DS: If you don’t mind me asking, what other titles from the upcoming Cronenberg retrospective did you guys have to restore just as heavily?
BD: I would say that Shivers really was one of, if not the biggest, restoration project out of all of them. There was so much work that had to be done on the image. A lot of them were mostly just cleaning up existing prints and putting them through washes and putting them to DCP for the first time so they would be able to remain in great condition for a long time to come.
There was also a few with some sound issues. I believe it was Dead Ringers that we had to do a bit of sound work on, but otherwise the image was gorgeous. It probably looked like one of the best when we started, but the sound needed some work to repair a bit of damage.
Videodrome was a very special case, too, because I believe it’s the first time the director’s cut has ever been available on film. I think it’s on DVD, but I believe this is the first time it’s ever been on a film print in its entirety. We had to go back and get that footage and put it back into the film and that stuff was all on 35mm.
His early shorts had to be transferred to digital and cleaned up a lot because those were shot on 16mm. A lot of these things are just new prints to replace the older ones that were just worn down. A lot of studios helped collaborate with us, too, to make these new prints. The retrospective will be great because people will be seeing these in the best possible conditions.
DS: If you could choose three films that you would love to see restored and bring to the Cinematheque what would they be?

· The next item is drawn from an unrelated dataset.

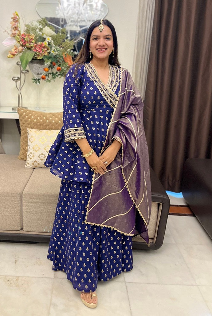 Crafted in a deep navy blue hue with a gota embroidered velvet yoke that adds richness and royal elegance.
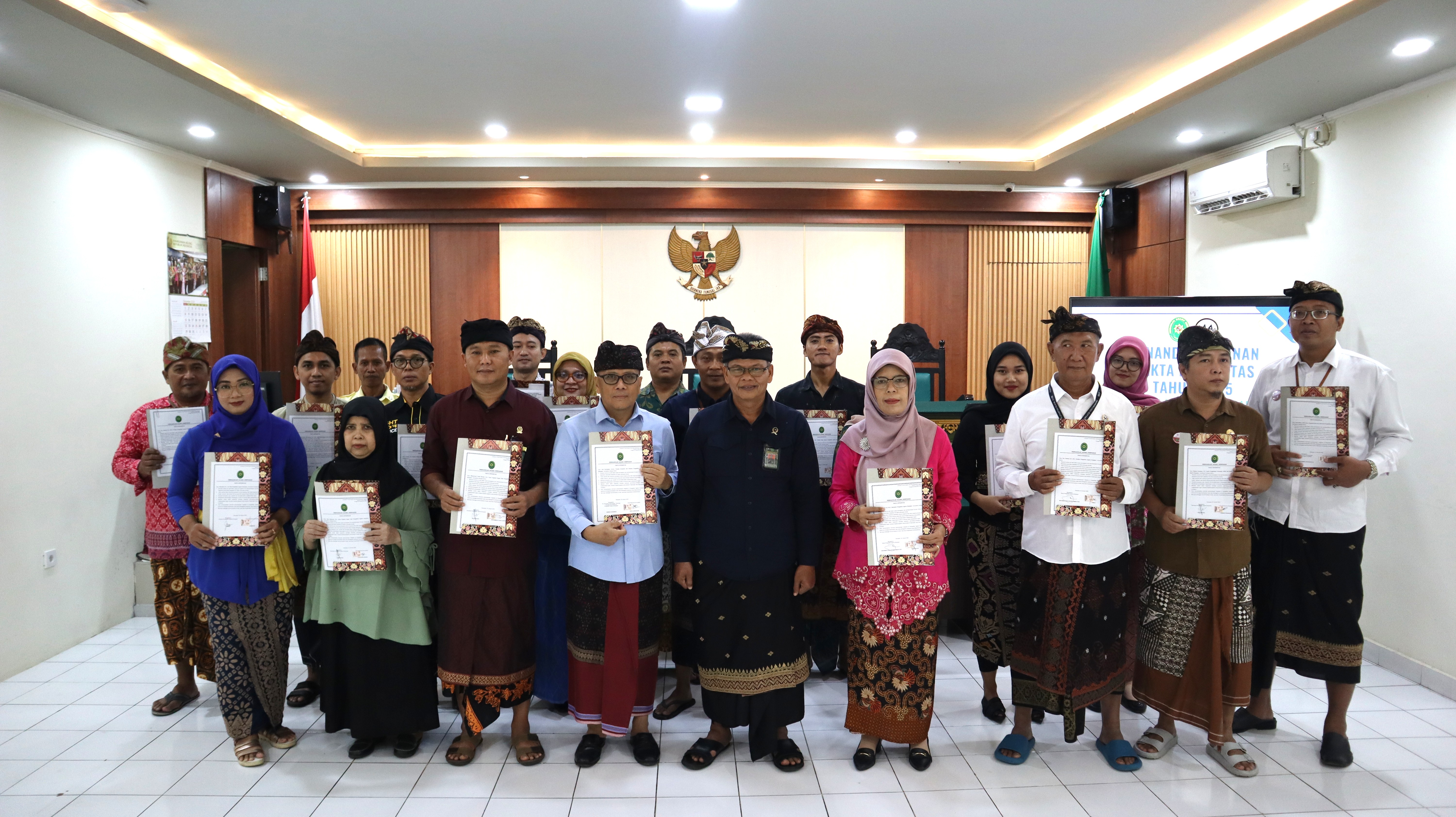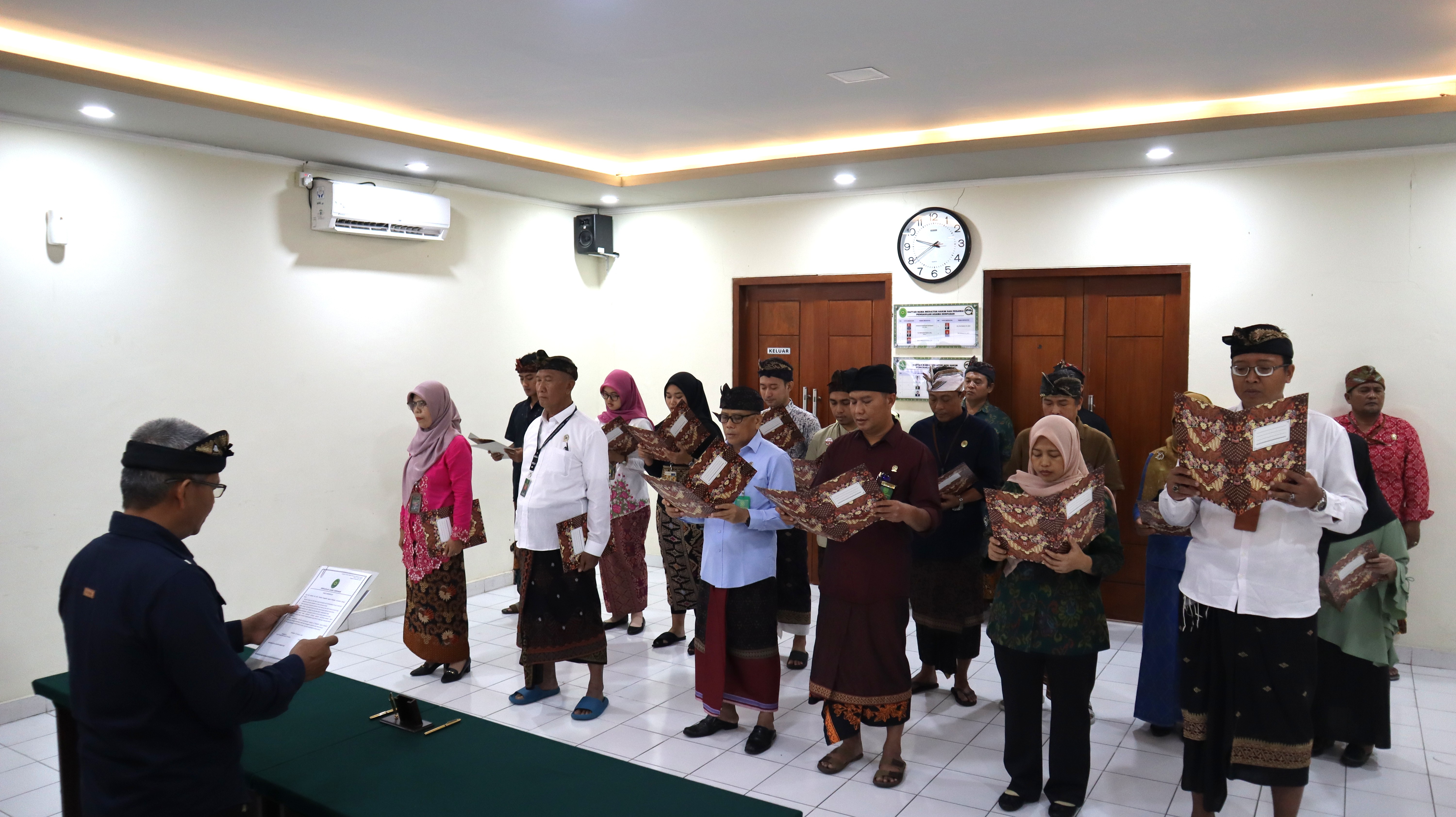 Denpasar, 2 Januari 2025 - Mengawali tahun 2025 Pengadilan Agama Denpasar melaksanakan penandatanganan pakta integritas di Ruang Sidang Kantor PA Denpasar. Penandatanganan tersebut diikuti oleh Seluruh Pegawai PA Denpasar mulai dari unsur Pimpinan yaitu Ketua, Wakil Ketua, Sekretaris, dan Panitera serta Hakim, Panitera Muda, Kepala Sub Bagian, Panitera Pengganti, Jurusita, Jurusita Pengganti, Staf Kepaniteraan dan Staf Kesekretariatan. Bapak Muhamad Shalahudin Hamdayani, S.H., M.A. Ketua PA Denpasar, memimpin dalam pelaksanaan penandatanganan Pakta Integritas seluruh Hakim dan Pegawai Pengadilan Agama Denpasar

BD: (laughs) Oh God, that’s tough. This really is the toughest question because it really is like a dream.
One off the top of my head that I know of because I did the retrospective recently and I know it’s not restored is The Killing of a Chinese Bookie. Hopefully that one is in the slate sometime soon, because I know there’s been a lot of restoration of Cassavetes lately. The print was fine that we got, it was just a bit worn, but it would be great to see that in a restoration. Hopefully someone will get around to that one soon.
I would love to see Napoleon, the Abel Gance film, in the long version of it. The longest version I can get. I’ve seen the four hour version, but I think there’s a five and a half hour version. That would definitely be up there. There’s actually a lot of silent films that aren’t in the greatest shape though. There would be too many of those to choose from because there’s so many that need a lot of care.
Actually, a lot of restorations for a lot more recent stuff would be kind of nice, too, because for the past twenty years there’s kind of this window where they aren’t quite old enough to restore but they would be getting harder and harder to find.
DS: And a lot of those are from there era where films started getting shipped to over a thousand screens at a time and prints were just getting thrown out all the time to save space.
BD: Yeah, and oddly enough it’s those films where we often run into the most maddening trouble. Sometimes it’s hard to say if something needs restoration or not because I’m not always privy to the information on what kind of condition all the different elements are in. I know a film I would love to see restored that was a lot more widely seen would be Claire Denis’ US Go Home, an hour long film that she made. It’s rarely ever seen here in North America. It’s extremely hard to find a print of it. It was made for television and I think it’s up there with her best work and I would love to bring it here. I’m not quite sure if it needs restoration though, probably because it’s so hard to track down in the first place. (laughs) But that definitely needs to be seen here in North America.